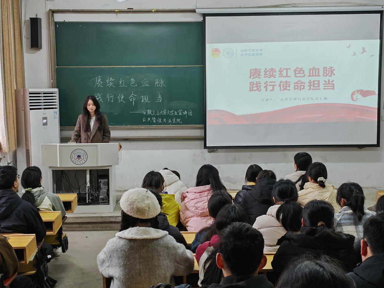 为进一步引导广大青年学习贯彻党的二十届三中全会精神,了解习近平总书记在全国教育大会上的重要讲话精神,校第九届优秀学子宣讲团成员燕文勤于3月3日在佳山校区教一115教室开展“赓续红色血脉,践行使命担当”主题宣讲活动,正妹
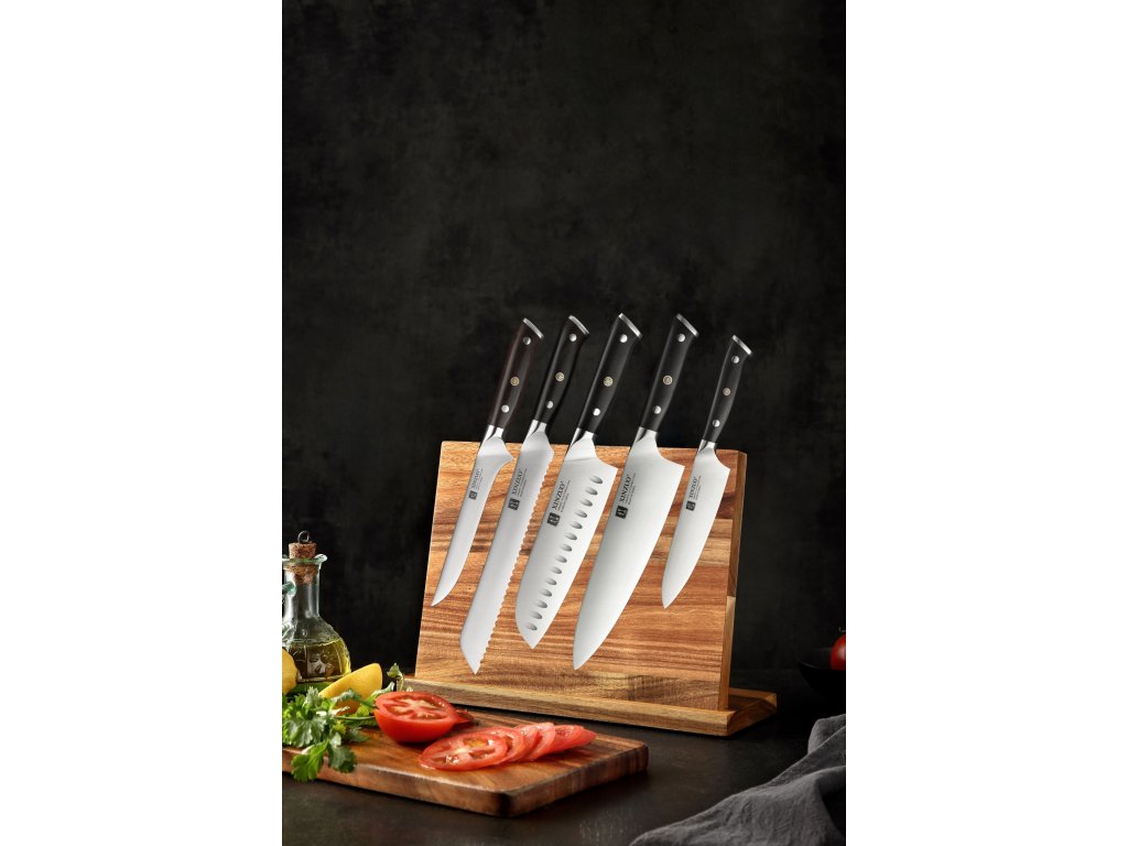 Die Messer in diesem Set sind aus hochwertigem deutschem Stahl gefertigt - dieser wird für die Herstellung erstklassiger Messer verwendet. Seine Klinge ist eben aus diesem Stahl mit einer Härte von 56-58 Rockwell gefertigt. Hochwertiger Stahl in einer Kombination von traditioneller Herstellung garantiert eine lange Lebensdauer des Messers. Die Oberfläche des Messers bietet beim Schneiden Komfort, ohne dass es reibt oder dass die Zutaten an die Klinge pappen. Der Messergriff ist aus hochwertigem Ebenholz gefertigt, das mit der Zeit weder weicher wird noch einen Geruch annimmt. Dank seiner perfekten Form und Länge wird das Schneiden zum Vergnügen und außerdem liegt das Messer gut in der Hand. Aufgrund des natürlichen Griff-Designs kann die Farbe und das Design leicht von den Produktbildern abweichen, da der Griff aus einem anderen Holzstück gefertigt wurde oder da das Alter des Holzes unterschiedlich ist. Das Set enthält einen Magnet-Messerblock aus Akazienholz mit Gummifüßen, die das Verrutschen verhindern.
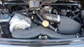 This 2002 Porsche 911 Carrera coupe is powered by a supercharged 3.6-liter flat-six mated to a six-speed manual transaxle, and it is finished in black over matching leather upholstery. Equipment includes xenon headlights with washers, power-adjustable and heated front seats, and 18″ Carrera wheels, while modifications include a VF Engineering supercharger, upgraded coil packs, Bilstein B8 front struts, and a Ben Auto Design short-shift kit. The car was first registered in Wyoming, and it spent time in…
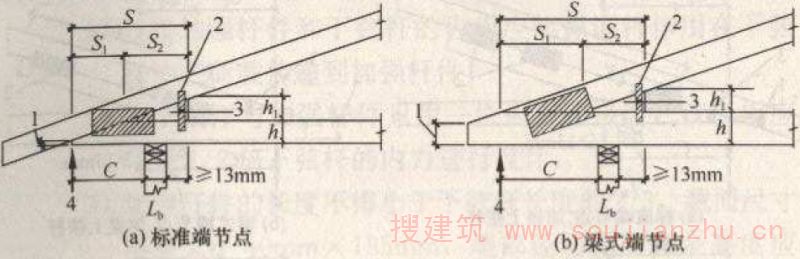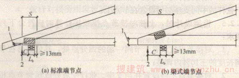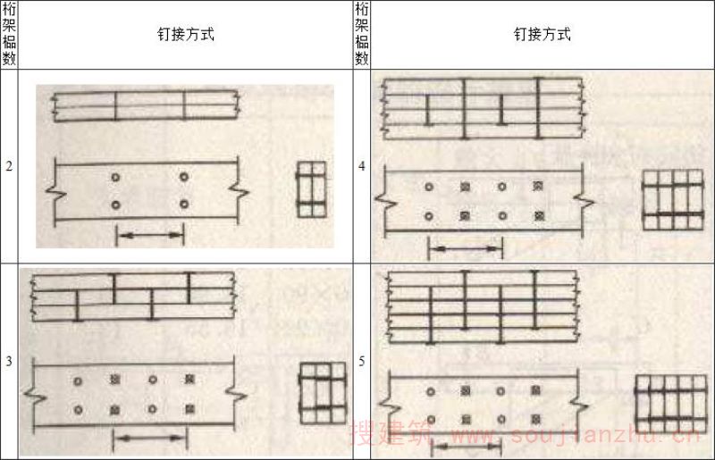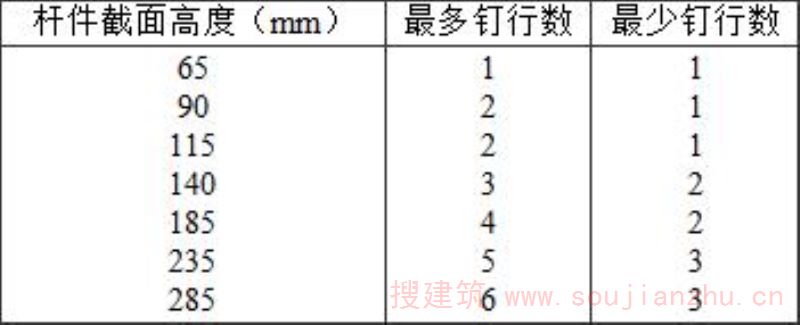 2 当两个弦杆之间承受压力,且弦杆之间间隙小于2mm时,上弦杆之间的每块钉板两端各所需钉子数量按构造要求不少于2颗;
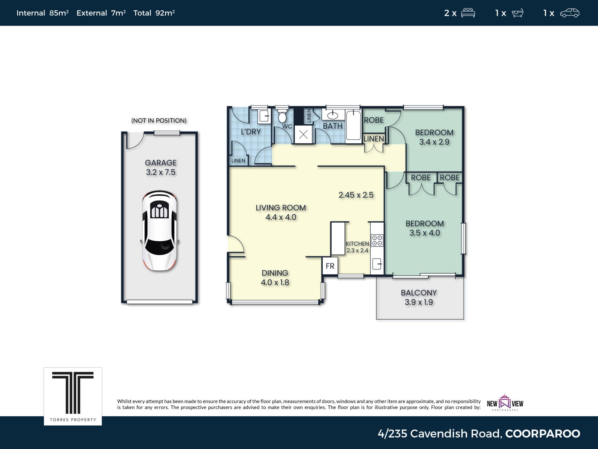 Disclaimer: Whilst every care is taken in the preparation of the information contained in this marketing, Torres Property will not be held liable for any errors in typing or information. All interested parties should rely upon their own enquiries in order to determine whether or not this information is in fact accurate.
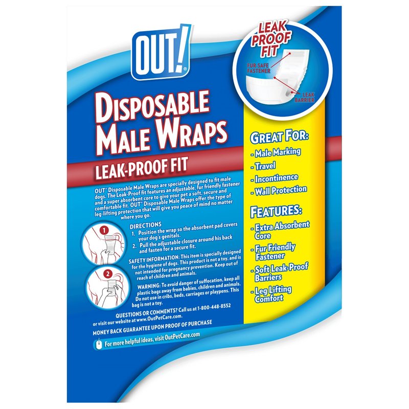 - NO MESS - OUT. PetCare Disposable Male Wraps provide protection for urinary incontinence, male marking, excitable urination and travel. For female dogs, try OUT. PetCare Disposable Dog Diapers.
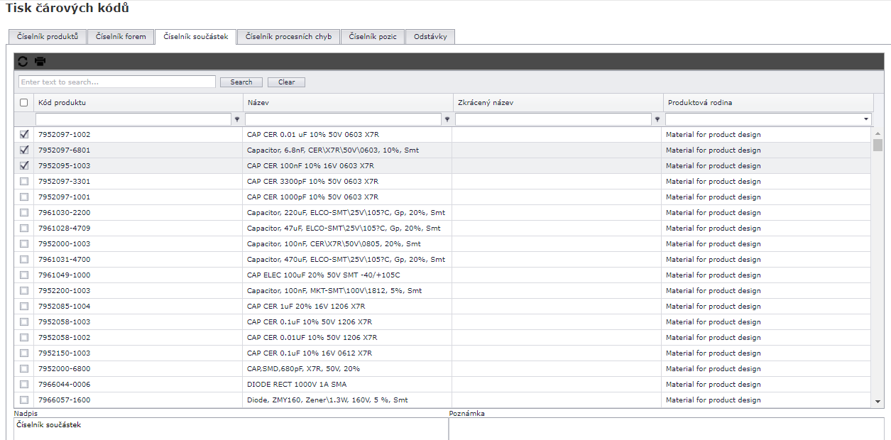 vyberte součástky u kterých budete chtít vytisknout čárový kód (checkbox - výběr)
----
*Work to complete*.
Print the entries again exactly as they appear above. Do not print the pictures.

*Answer to this exercise*.
 为进一步引导广大青年学习贯彻党的二十届三中全会精神,了解习近平总书记在全国教育大会上的重要讲话精神,校第九届优秀学子宣讲团成员燕文勤于3月3日在佳山校区教一115教室开展“赓续红色血脉,践行使命担当”主题宣讲活动,正妹
 Die Messer in diesem Set sind aus hochwertigem deutschem Stahl gefertigt - dieser wird für die Herstellung erstklassiger Messer verwendet. Seine Klinge ist eben aus diesem Stahl mit einer Härte von 56-58 Rockwell gefertigt. Hochwertiger Stahl in einer Kombination von traditioneller Herstellung garantiert eine lange Lebensdauer des Messers. Die Oberfläche des Messers bietet beim Schneiden Komfort, ohne dass es reibt oder dass die Zutaten an die Klinge pappen. Der Messergriff ist aus hochwertigem Ebenholz gefertigt, das mit der Zeit weder weicher wird noch einen Geruch annimmt. Dank seiner perfekten Form und Länge wird das Schneiden zum Vergnügen und außerdem liegt das Messer gut in der Hand. Aufgrund des natürlichen Griff-Designs kann die Farbe und das Design leicht von den Produktbildern abweichen, da der Griff aus einem anderen Holzstück gefertigt wurde oder da das Alter des Holzes unterschiedlich ist. Das Set enthält einen Magnet-Messerblock aus Akazienholz mit Gummifüßen, die das Verrutschen verhindern.
 This 2002 Porsche 911 Carrera coupe is powered by a supercharged 3.6-liter flat-six mated to a six-speed manual transaxle, and it is finished in black over matching leather upholstery. Equipment includes xenon headlights with washers, power-adjustable and heated front seats, and 18″ Carrera wheels, while modifications include a VF Engineering supercharger, upgraded coil packs, Bilstein B8 front struts, and a Ben Auto Design short-shift kit. The car was first registered in Wyoming, and it spent time in…
 2 当两个弦杆之间承受压力,且弦杆之间间隙小于2mm时,上弦杆之间的每块钉板两端各所需钉子数量按构造要求不少于2颗;
 Disclaimer: Whilst every care is taken in the preparation of the information contained in this marketing, Torres Property will not be held liable for any errors in typing or information. All interested parties should rely upon their own enquiries in order to determine whether or not this information is in fact accurate.
 - NO MESS - OUT. PetCare Disposable Male Wraps provide protection for urinary incontinence, male marking, excitable urination and travel. For female dogs, try OUT. PetCare Disposable Dog Diapers.
 vyberte součástky u kterých budete chtít vytisknout čárový kód (checkbox - výběr)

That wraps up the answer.